RBG.ID, JAKARTA - Abdul Qodir bin Aqil selaku Kuasa hukum Mardani H. Maming mengatakan, Komisi Pemberantasan Korupsi (KPK) menetapkan tersangka lebih dulu, baru mencari-cari bukti.
Hal ini terungkap dalam persidangan praperadilan yang diajukan Mardani Maming di Pengadilan Negeri Jakarta Selatan.
“Penetapan klien kami sebagai tersangka dilakukan bersamaan dengan diterbitkannya Sprindik (Surat Perintah Penyidikan) pada 16 Juni 2022,” kata Abdul Qodir dari Lembaga Penyuluhan dan Bantuan Hukum PBNU di Jakarta, (26/7).
“Selain tidak sah karena bertentangan dengan hukum acara pidana, ini juga berpotensi terjadinya penyalahgunaan wewenang karena penegakan hukum ditujukan kepada orangnya, baru kemudian dicari-cari perkaranya,” lanjutnya.

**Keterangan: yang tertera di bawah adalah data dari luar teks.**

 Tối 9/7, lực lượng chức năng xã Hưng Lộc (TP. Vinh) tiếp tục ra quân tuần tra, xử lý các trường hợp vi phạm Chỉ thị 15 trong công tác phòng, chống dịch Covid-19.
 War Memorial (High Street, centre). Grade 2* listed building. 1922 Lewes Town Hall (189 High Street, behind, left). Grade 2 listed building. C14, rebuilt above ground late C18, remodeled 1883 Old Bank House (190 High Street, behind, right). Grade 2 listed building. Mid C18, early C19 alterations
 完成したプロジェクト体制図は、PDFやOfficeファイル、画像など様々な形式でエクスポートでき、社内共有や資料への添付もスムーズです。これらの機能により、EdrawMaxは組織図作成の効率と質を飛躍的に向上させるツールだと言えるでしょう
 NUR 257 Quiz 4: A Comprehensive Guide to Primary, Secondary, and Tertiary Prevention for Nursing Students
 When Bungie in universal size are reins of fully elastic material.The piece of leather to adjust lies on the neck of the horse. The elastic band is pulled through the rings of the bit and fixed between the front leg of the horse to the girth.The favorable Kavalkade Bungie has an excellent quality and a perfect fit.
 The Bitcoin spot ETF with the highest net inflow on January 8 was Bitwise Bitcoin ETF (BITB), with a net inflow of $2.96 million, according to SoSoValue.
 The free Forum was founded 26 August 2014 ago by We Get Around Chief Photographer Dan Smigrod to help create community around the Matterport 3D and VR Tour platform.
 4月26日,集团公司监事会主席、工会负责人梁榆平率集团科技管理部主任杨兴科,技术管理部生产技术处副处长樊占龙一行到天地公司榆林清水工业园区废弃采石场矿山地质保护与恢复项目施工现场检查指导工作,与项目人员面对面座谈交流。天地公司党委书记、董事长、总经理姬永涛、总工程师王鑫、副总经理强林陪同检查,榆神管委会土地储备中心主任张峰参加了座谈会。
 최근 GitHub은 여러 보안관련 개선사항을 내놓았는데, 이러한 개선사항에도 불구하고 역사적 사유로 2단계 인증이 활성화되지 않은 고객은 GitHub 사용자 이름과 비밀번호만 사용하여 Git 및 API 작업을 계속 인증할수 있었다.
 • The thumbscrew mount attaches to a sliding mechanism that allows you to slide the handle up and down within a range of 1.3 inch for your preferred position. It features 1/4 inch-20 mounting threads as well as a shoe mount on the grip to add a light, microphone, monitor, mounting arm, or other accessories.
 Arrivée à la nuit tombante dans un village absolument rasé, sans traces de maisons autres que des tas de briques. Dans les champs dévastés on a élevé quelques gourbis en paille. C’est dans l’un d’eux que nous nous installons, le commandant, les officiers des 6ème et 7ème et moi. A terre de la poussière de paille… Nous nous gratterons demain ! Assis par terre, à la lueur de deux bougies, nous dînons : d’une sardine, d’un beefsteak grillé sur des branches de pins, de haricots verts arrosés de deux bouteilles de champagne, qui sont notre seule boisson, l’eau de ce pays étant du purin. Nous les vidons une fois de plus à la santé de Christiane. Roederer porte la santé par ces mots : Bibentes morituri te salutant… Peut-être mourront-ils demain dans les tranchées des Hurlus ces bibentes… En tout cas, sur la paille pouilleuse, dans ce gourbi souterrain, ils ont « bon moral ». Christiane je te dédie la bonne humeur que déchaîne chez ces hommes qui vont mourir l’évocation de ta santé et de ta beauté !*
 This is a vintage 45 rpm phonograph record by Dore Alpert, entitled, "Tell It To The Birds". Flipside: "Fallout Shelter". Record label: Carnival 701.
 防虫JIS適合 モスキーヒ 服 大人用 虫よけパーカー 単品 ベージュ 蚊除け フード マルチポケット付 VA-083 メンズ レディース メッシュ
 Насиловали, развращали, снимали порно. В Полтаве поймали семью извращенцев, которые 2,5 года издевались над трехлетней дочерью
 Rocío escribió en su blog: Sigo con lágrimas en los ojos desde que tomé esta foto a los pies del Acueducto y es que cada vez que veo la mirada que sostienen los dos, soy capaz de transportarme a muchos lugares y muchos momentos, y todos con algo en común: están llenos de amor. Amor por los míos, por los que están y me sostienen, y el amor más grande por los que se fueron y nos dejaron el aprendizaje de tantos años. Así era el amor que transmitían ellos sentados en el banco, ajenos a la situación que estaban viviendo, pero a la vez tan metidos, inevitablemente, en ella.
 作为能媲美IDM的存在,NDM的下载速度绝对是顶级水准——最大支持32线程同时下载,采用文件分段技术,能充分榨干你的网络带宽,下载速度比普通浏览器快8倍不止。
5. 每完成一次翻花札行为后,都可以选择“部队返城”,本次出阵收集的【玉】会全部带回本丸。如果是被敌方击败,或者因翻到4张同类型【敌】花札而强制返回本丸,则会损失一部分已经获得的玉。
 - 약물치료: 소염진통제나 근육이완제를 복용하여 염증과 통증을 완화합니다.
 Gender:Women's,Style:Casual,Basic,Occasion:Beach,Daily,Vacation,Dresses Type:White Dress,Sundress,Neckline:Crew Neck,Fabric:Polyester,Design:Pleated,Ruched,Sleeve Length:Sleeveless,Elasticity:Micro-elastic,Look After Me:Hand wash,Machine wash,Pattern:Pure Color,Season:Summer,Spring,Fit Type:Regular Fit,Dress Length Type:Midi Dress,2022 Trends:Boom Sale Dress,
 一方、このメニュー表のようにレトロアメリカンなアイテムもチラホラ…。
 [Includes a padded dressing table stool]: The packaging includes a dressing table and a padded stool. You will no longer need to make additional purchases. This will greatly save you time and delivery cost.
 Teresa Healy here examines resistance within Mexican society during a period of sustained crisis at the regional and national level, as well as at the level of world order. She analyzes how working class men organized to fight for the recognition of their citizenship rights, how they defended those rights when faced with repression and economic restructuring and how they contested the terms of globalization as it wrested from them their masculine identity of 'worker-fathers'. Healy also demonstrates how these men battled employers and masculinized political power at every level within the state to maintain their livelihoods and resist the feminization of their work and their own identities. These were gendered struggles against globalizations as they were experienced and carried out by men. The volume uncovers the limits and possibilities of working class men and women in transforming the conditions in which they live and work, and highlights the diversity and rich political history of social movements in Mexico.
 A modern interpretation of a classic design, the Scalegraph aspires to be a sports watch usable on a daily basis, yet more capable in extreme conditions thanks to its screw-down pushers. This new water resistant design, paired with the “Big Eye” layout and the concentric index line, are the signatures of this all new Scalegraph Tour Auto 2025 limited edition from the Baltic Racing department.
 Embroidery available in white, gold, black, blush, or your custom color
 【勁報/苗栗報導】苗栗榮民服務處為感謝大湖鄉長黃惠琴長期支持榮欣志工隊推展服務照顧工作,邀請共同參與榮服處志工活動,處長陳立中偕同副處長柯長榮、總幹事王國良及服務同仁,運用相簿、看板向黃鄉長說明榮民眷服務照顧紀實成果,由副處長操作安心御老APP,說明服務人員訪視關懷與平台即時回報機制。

Abdul Qodir juga mengatakan, cara-cara seperti itu bertentangan dengan hukum acara pidana dalam Kitab Undang-Undang Hukum Acara Pidana (KUHAP), melanggar due process of law, dan mengingkari prinsip pro-justitia.
Sesuai KUHAP, penetapan tersangka seharusnya hasil dari proses penyidikan sementara terbitnya Sprindik merupakan awal lahirnya wewenang penyidik untuk melakukan penyidikan.
“Mardani Maming ditetapkan sebagai tersangka didasarkan atas bukti permulaan yang dihasilkan dari Berita Acara Pemberian Keterangan. Padahal, KUHAP menegaskan bukti permulaan itu harus didasarkan atas bukti-bukti dari hasil pemeriksaan pro-justitia di tingkat penyidikan, dan bukan di proses penyelidikan,” jelasnya.